Александр выглядел нездоровым, был раздражен сильнее обычного и мысли выражал еще более путано; да и экстравагантность самих мыслей явно превосходила все, что я слыхал раньше:

– Гляди, – он ткнул мне в лицо экраном смартфона. Я увидел рисунок, на котором Алиса и Белый Кролик заглядывали в нору посередине зеленой лужайки.

– Обложка «Экономист» за сентябрь. Ротшильды издают, если не в курсе. Вот тут…да не туда смотришь, сюда смотри! Это на самом деле не кроличья нора, а квантовая дыра, куда валятся биткоин, доллар, биржи и международное право. В эту дыру затянуть весть мир пытается элитный клуб «Афина», про который мало кто знает. Вот здесь змея – на самом деле, это кабель от метавселенной.

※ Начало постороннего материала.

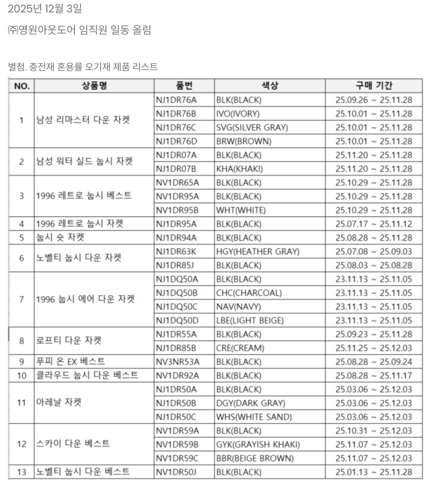 | 1 | 남성 리마스터 다운 자켓 | NJ1DR76A~D | BLACK, IVORY 외 | 25.09.26 ~ 25.11.28 |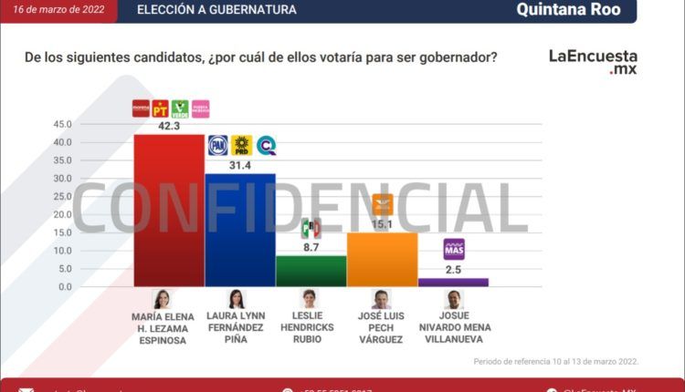 La encuesta publicada el 13 de marzo de la empresa Opinión Pública Marketing e Imagen/Heraldo Media Group muestra que con el respaldo de Morena-PT-PVEM, Mara Lezama, en Quintana Roo, aventaja con 33.5 por ciento, es decir, 10.3 puntos porcentuales más que Laura Fernández, del PAN-PRD, quien obtuvo 23.2 por ciento de la preferencia ciudadana.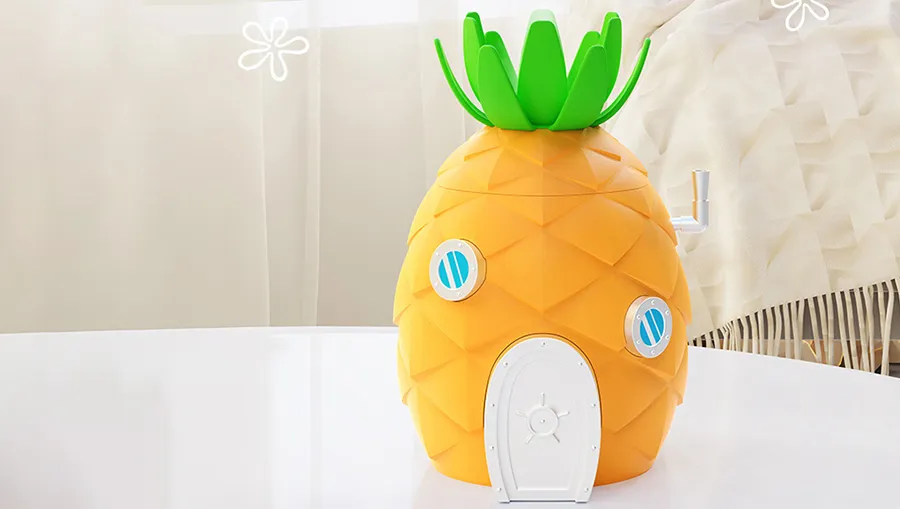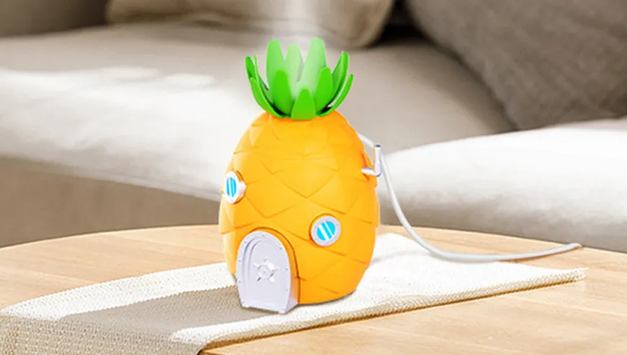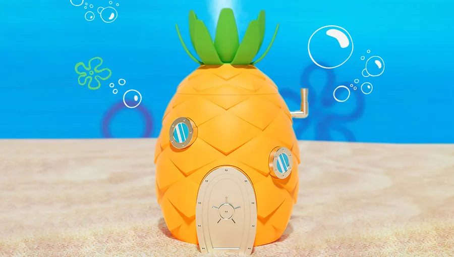Внешний вид увлажнителя полностью повторяет архитектуру знаменитого подводного дома-ананаса: сочное сочетание оранжевого корпуса и ярко-зеленой верхушки мгновенно преображает рабочее место или прикроватную тумбу. Дизайнеры уделили особое внимание деталям, сохранив характерную текстуру и лаконичность линий, что позволяет гаджету гармонично смотреться в любом современном интерьере — от детской комнаты до креативного пространства. Использование качественных материалов и проработка каждой грани делают этот аксессуар настоящим арт-объектом, который неизменно привлекает внимание гостей и дарит положительные эмоции фанатам вселенной Nickelodeon всех возрастов.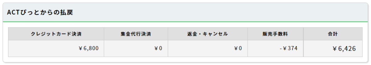 カード決済申請が許可されている場合、「クレジットカード決済」「集金代行」での販売データを集計し、ACTぴっとの預金合計、手数料などを表示します。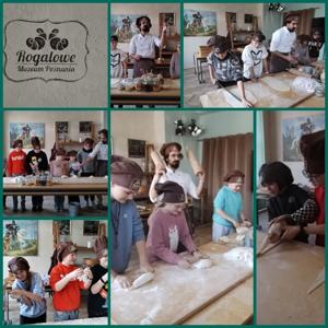 Kolejnym punktem programu były pokazy rogalowe prowadzone przez Rogalowego Mistrza i jego pomocnika. Uczniowie poznali legendę o rogalach, recepturę i składniki rogali świętomarcińskich, a następnie samodzielnie przygotowali swoje wypieki przy użyciu tradycyjnych narzędzi. Pokaz wzbogacony był elementami poznańskiej gwary oraz multimedialną prezentacją o historii miasta. Na zakończenie dzieci otrzymały certyfikaty czeladnicze i mogły skosztować certyfikowanych rogali. Uwieńczeniem wycieczki była możliwość podziwiania słynnych koziołków poznańskich z okien muzeum.
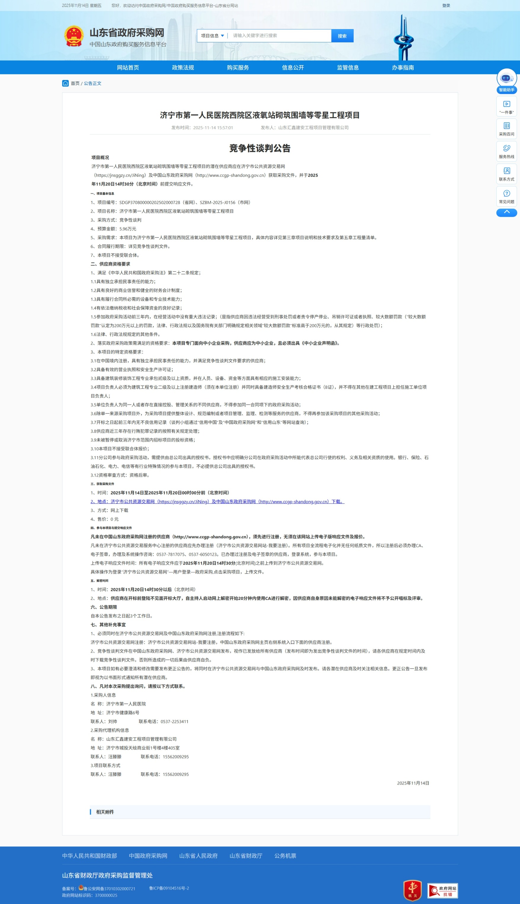 济宁市第一人民医院西院区液氧站砌筑围墙等零星工程项目竞争性谈判公告

У Алисы, обрати внимание, одежда в каких цветах? В желто-синих! Соображаешь? На пиджаке у Кролика – явный бандеровский трезуб, а на затылке – вот, четко виден! – барельеф Ленина!

Я хотел было спросить, почему дыра – квантовая, и что толку зловещей «Афине», если туда рухнет весь мир, но поостерегся.

Тебе, наверное, покажется это смешным; мне тоже, хотя еще и печальным, да и страшноватым немного, особенно если представить, как авторы подобных новелл взялись бы управлять общественной жизнью, будь у них власть; воображение рисует какие-нибудь комитеты по выявлению врагов общества и непременному их наказанию в духе самых зловещих и фантастических антиутопий. Очевидно, что создатели такого рода теорий придумывают чудовищ, которых списывают с проекций своих представлений о мире; меж тем реальные признаки грядущих перемен явлены ныне столь зримо, что их не требуется дешифровывать, гадая на брошках чиновниц и обложках периодической прессы – на них просто нужно обратить внимание. Я обратил – и в алогичной на первый взгляд неразберихе тревожных событий стал замечать что-то неуловимо знакомое, будто какой-то узнаваемый стиль или почерк. Полагаю, что причиной тому отчасти стали мои почти завершенные воспоминания о трагической судьбе «Эволюции», а отчасти – разговор с внуком, послуживший к началу короткого, но содержательного изыскания.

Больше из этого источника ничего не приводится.